California Republicans could lose up to four more seats
California Republicans lost two House seats in Tuesday’s midterm election and could surrender more as tens of thousands of ballots are still being counted in four other contests that remain too close to call.
The party has an exceedingly small chance of holding the seats of Representatives Dana Rohrabacher and Jeff Denham, historical voting patterns suggest. Two other Republicans, Representative Mimi Walters and Young Kim of Fullerton hold thin leads over their opponents that could also vanish. The reason is simple: Early voters, often older white Californians who start mailing in their ballots weeks before Election Day, lean towards Republicans, while later voters, many of them young and minority, tend to prefer Democrats.

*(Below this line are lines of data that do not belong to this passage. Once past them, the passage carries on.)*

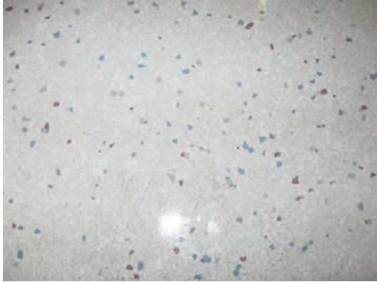
#1) Sheet Floor Covering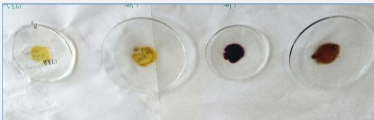
Figure 2: showing marquis test and frohde's test.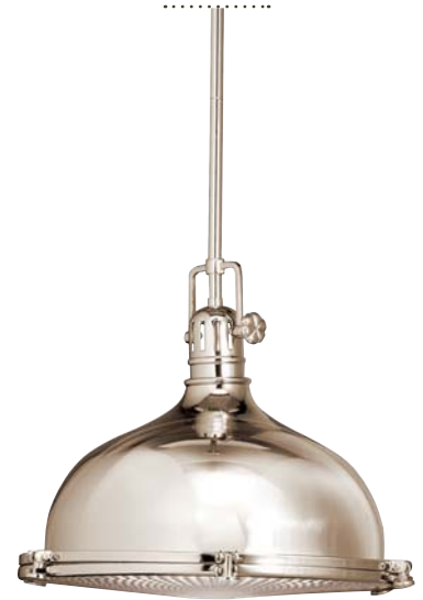
F | 2666 PN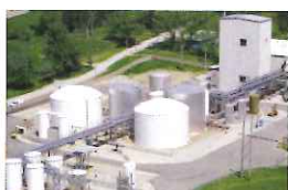
REG Danville Danville, IL 45 MGY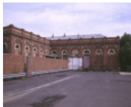
1 gas regulating house macaulay road north melbourne rear view apr1998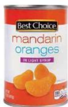
Best Choice Mandarin Oranges 15 oz.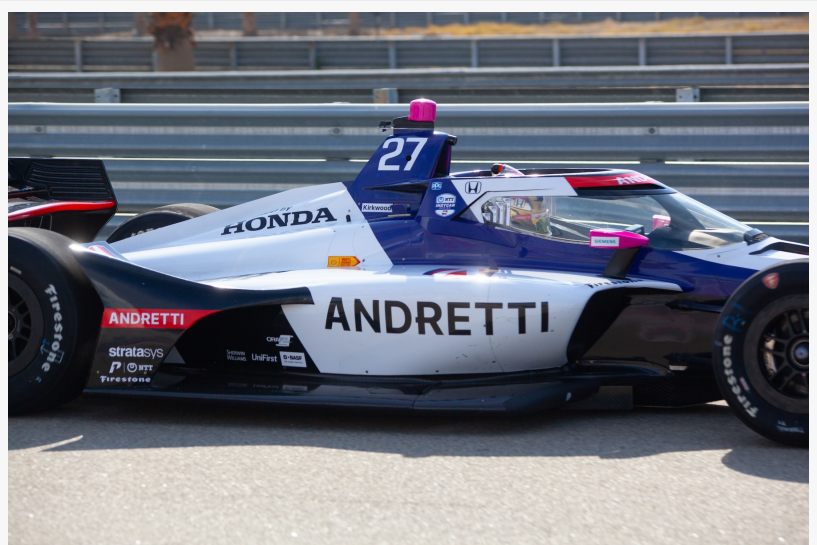
The Andretti Global team

THERMAL, CA, UNITED STATES, January 29, 2025 /EINPresswire.com/ -- The Thermal Club recently hosted track evaluations for NTT INDYCAR SERIES drivers ahead of the inaugural Thermal Club INDYCAR Grand Prix, which will take place March 21-23. Passes for the event are now on sale at www.thermalgp.com .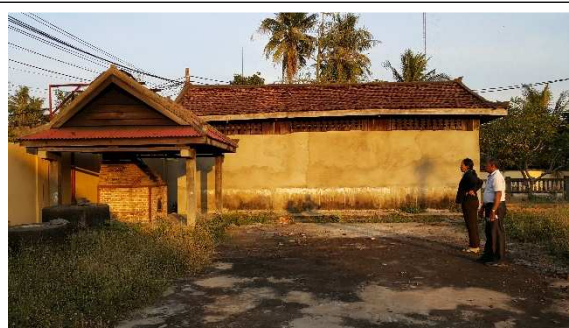
Malfunction incinerator - Kampong Thom RH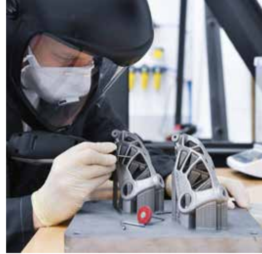
→ Material research | Visionary technologies made in Düsseldorf

Universities and companies collaborate on digital innovations at the "Innovation hub for digital media solutions" ("Innovationshub für digitale Medienlösungen") – a framework for generating ideas, developing and implementing concepts, and bringing the resulting innovative solutions to the digital economy. Creative and technological minds meet to explore new, ingenious opportunities for everyone involved. "Digitale Stadt Düsseldorf e.V." is a group of around 300 members that also invites people to join in their regular networking meetings.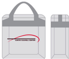
12" X 6" X 12" CLEAR TOTE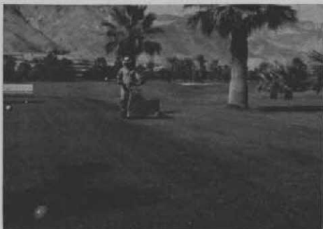
The secret of good Bermuda tees is close cutting with heavy duty mower with grass catcher as at Thunderbird in Palm Springs.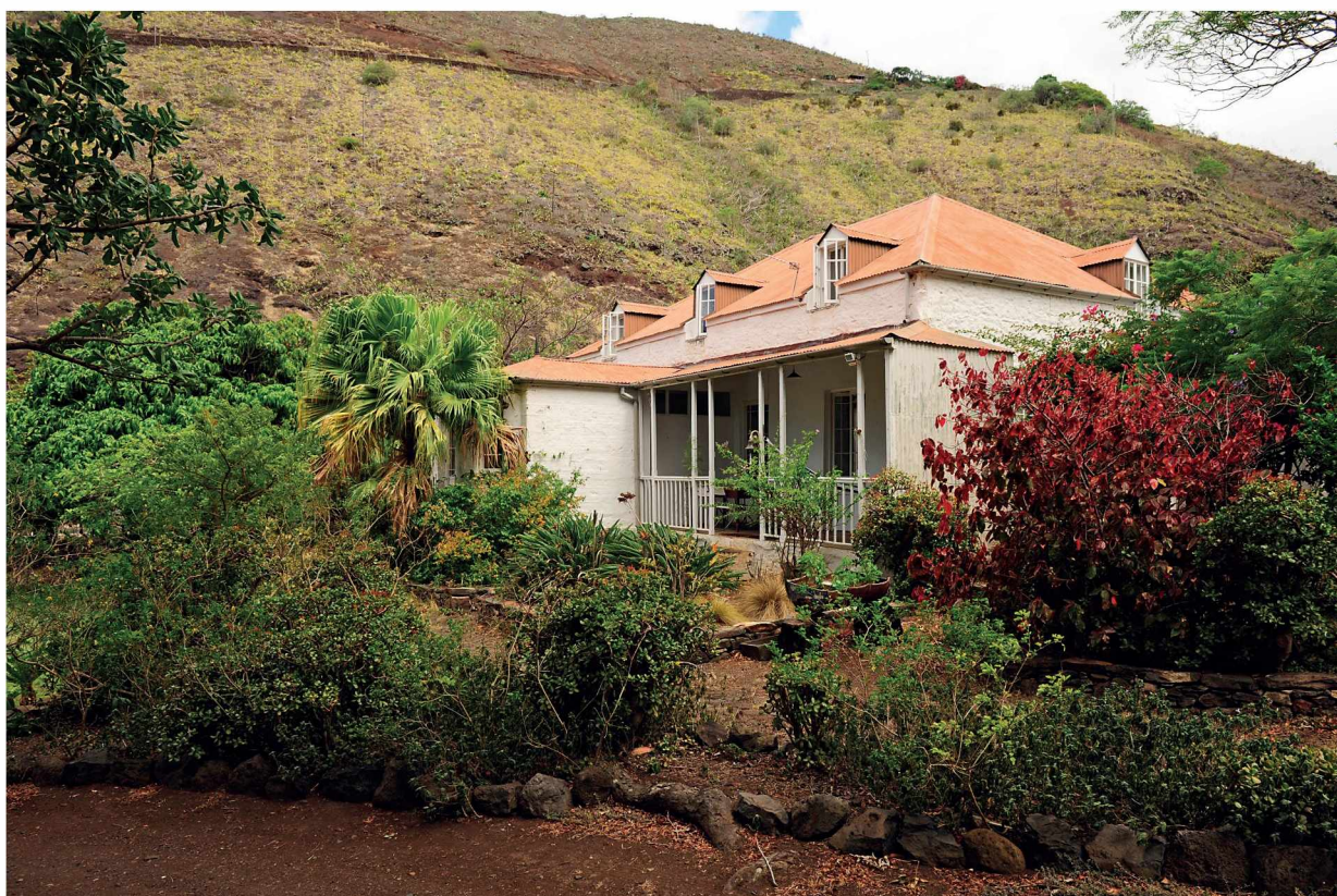
Fig. 7: Cambrian House and its surroundings, habitat of Agdistis cambriana spec. nov.

Genitalia ♂ (Fig. 2): uncus similar to that of A. marionae , but caudal margin concave incised, lateral tips divergent. Valvae symmetrical, basal parts dumpy, in distal half slender, strip-shaped; outer parts of valva bent, bar-shaped, broadened at the end, but not crenate as in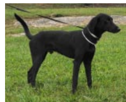
Gable A lanky and well-mannered lab/Saluki mix. Male, 58 pounds.

HALT is sponsored, in part, by the University of Tennessee College of Veterinary Medicine. Additional support by Ideal Animal Hospital, Oak Ridge. Dogs provided through an arrangement with the Young-Williams Animal Center, Knoxville. The HALT program gratefully acknowledges the contributions of its many volunteers and donors.

With extremely rare exceptions, close races in California shift in Democrats’ favour — typically by 2 percentage points — as the later ballots are counted, according to Political Data, a firm that tracks voter trends.

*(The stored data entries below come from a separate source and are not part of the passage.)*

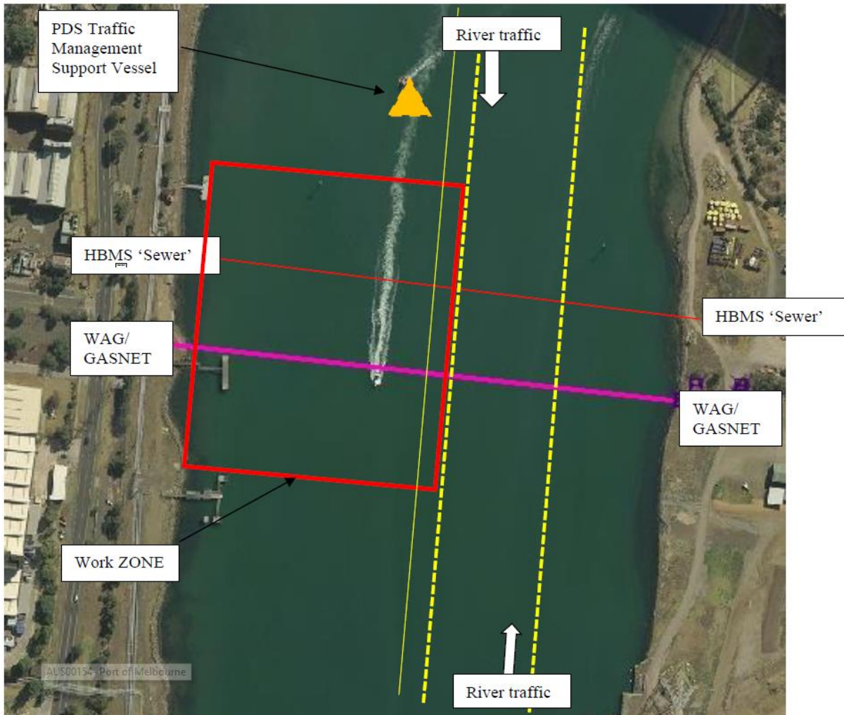
Figure 4. Overview of work zone and general positioning of traffic management vessel – When working WEST of the channel during Closure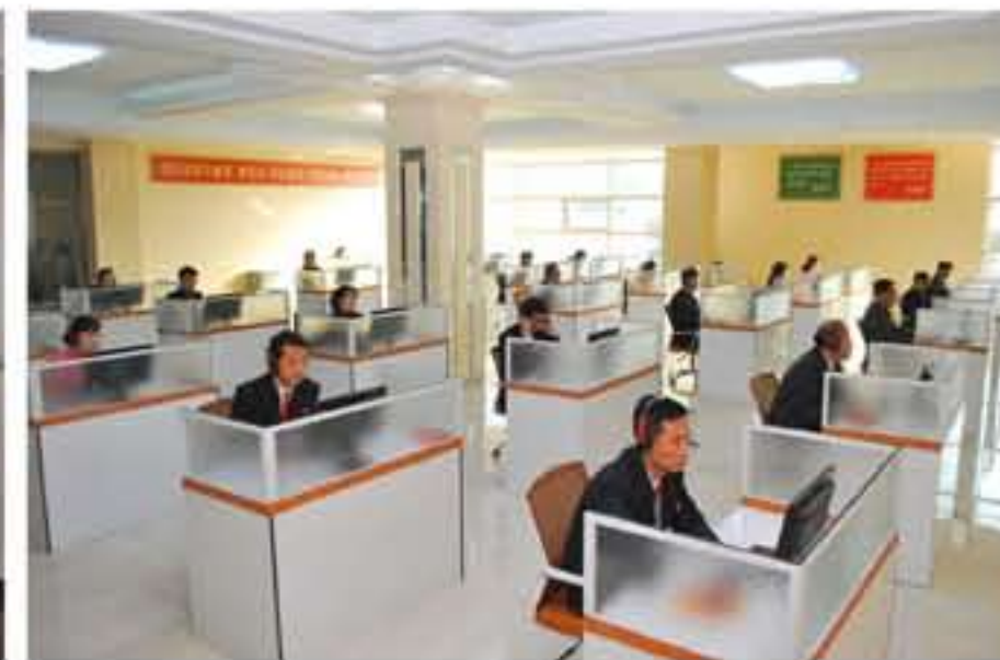
They acquire advanced science and technology at the sci-tech learning space of the factory.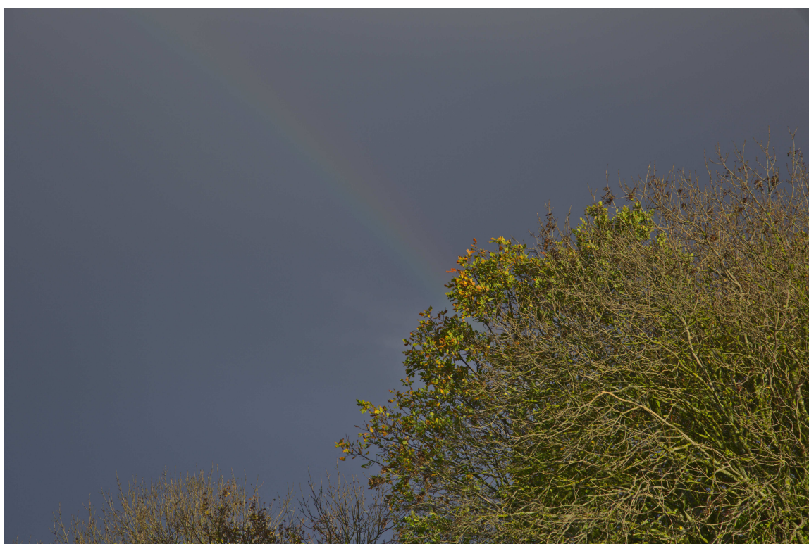
F47B5635 - Lit by a rainbow.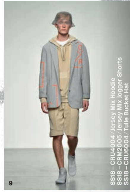
SS18 - CRU4004 / Jersey Mix Hoodie SS18 - CRM2009 / Jersey Mix Jogger Shorts SS18 - CRU6004 / Tulle Bucket Hat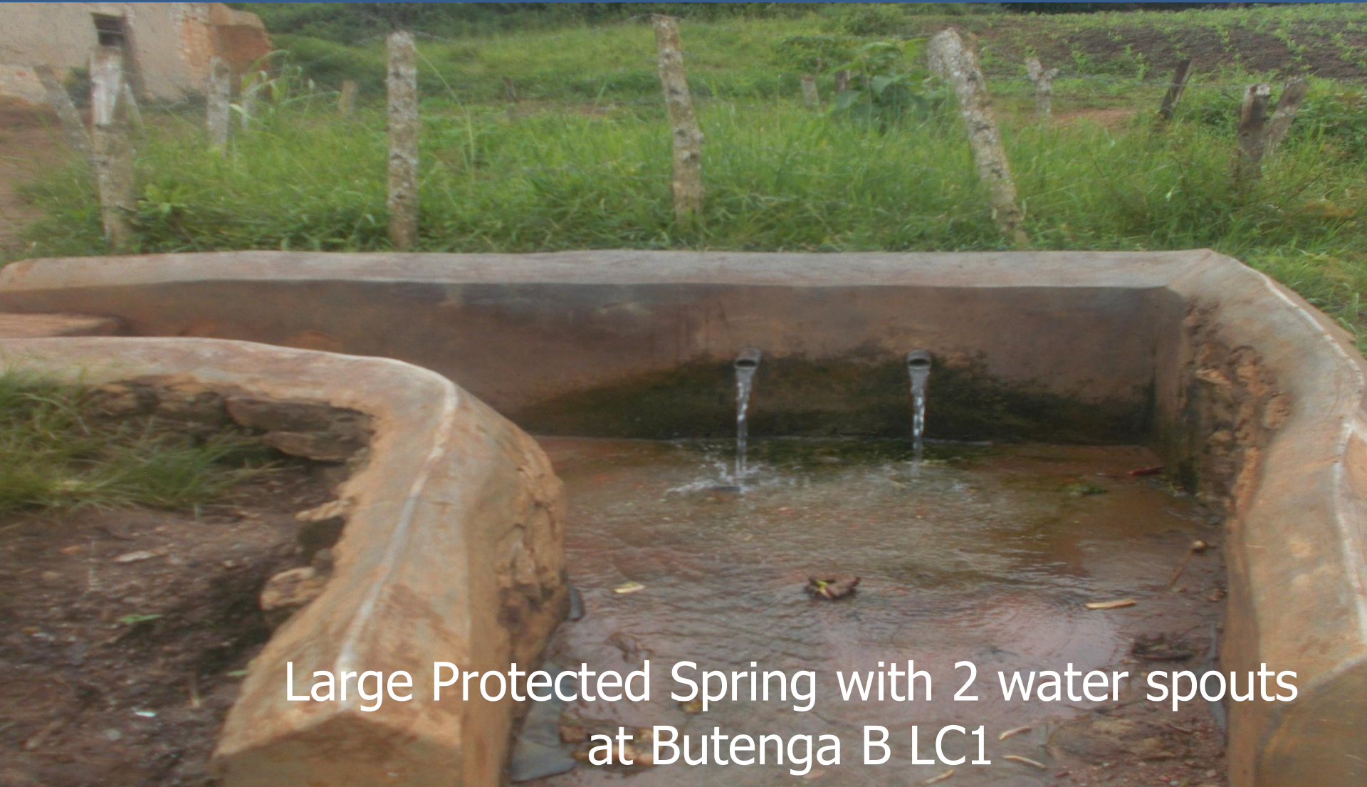
Large Protected Spring with 2 water spouts at Butenga B LC1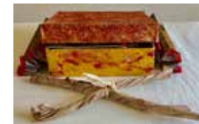
Walls are Crumbling Aliza Thomas Den Haag, Netherlands Artist Book in box, folded handmade paper, decorated with sewn on and pulp painting of the figures on the walls, it is all connected to the box and opens and closes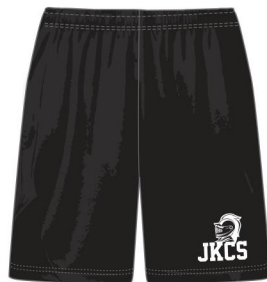
UNISEX GYM SHORTS BLACK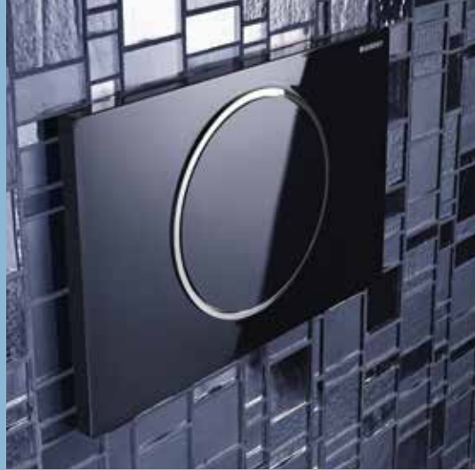
Sigma 10 infra red

“This is as dependable as the tides,” Paul Mitchell, the firm’s vice president.
A huge share of the ballots — perhaps 40 per cent — remain uncounted, largely due to Californians’ increasing preference to vote by mail. By law, ballots postmarked by Election Day and received by Friday must be tabulated.

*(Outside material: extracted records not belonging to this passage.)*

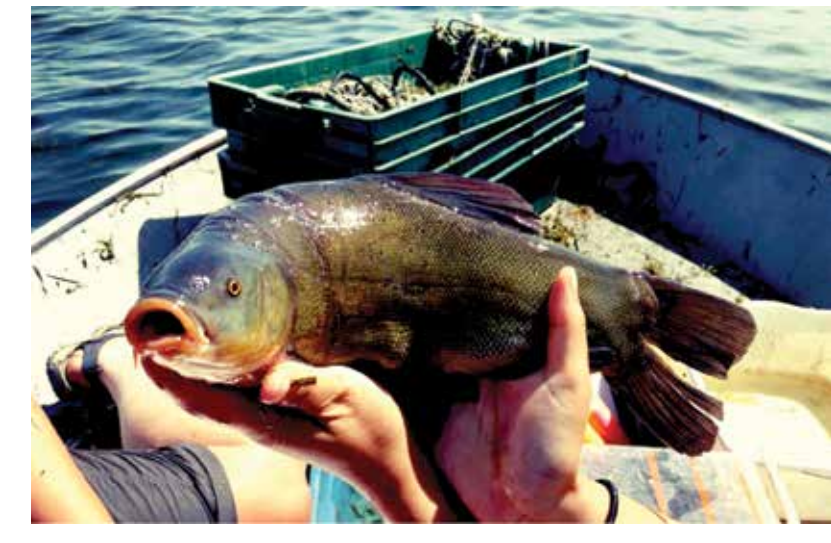
Tench (Tinca tinca)

Under this recommendation, the Task Force suggests three focus areas. The first focus is the development of a national Framework for EDRR initiatives, under the leadership of the IAS National Committee. It would provide guidance on how to respond to new invasive species across the full continuum of emergency management, from preparation through to restoration, but it would not be prescriptive. This guidance would build on and ensure linkages to existing frameworks within Canada (e.g., BC Invasive Species EDRR Plan, draft Decision Support Framework for Forestry Invasive Pests, Emergency Management Framework for Agriculture in Canada), the United States (e.g., National Framework for Early Detection and Rapid Response, Guidelines for the Establishment of Early Detection and Rapid Response Systems), and elsewhere in the world (e.g., New Zealand's national biosecurity surveillance program). This national framework could also build on plans established in other areas, such as intervention plans for natural disasters.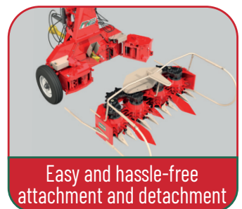
Easy and hassle-free attachment and detachment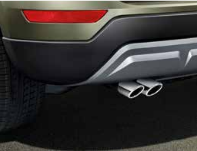
Stainless steel exhaust tailpipe This will make the rear of your Yeti shine like a jewel. The high-quality material will also provide the tailpipe with excellent protection against corrosion. For 1.2 TSI (5L0 071 910A)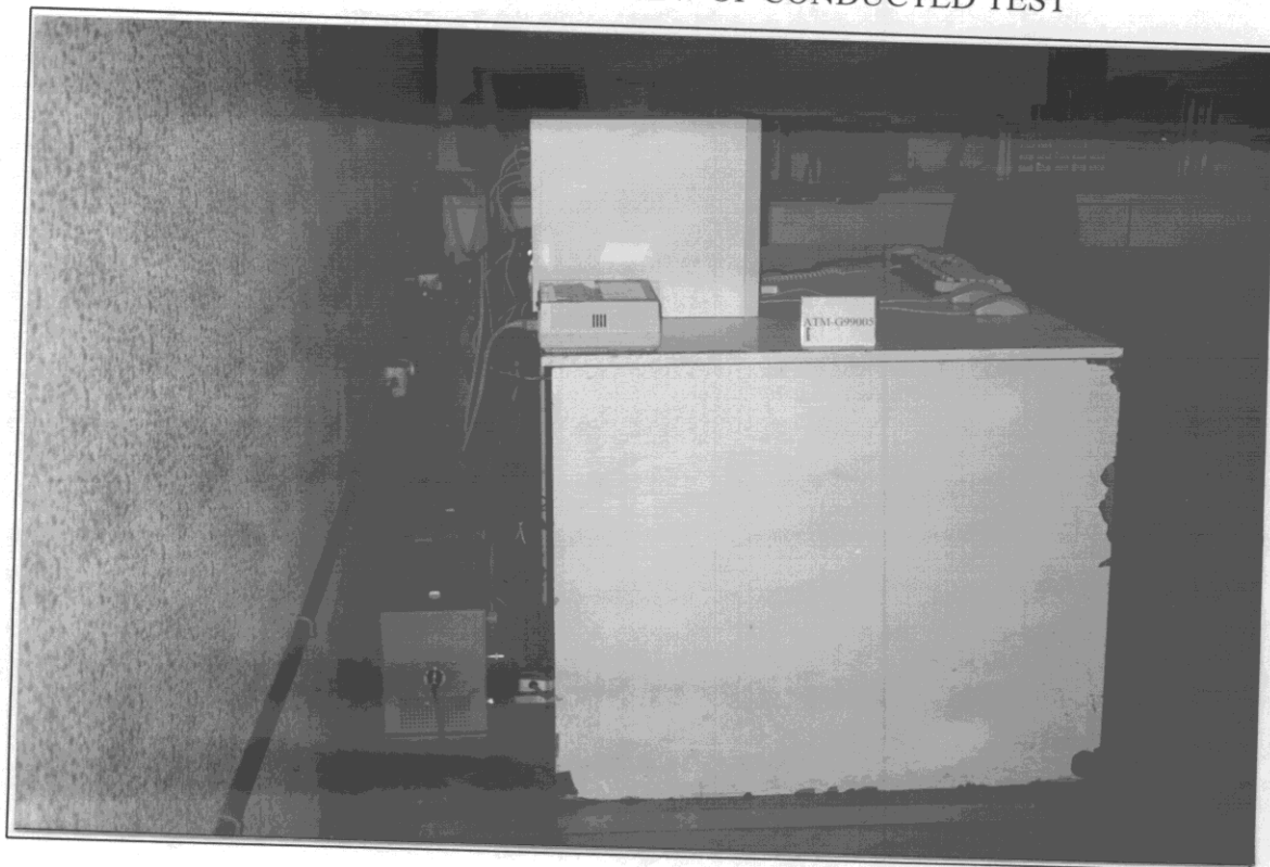
BACK VIEW OF CONDUCTED TEST

“For voters, the race is over,” said state Republican Chairman Jim Brulte. “For us, it isn’t.”
Both major parties were assembling squads of lawyers and volunteers on Wednesday to said dispatch to county registrars’ offices to monitor the post-election ballot counts.
For Republicans, the drift of votes towards Democrats, as the tally unfolds, can be grim. The day after an election, Republican candidates locked in a nearly tied race must evaluate not whether they can pull ahead, but whether they have a big enough buffer to sustain Democrats’ inevitable gains. Another former conservative bastion, the coastal 49th Congressional District in southern Orange and northern San Diego counties, turned blue on Tuesday as Democrat Mike Levin won the seat of retiring GOP Representative Darrell Issa.
California’s slow vote count can be anticlimactic after a frenetic campaign.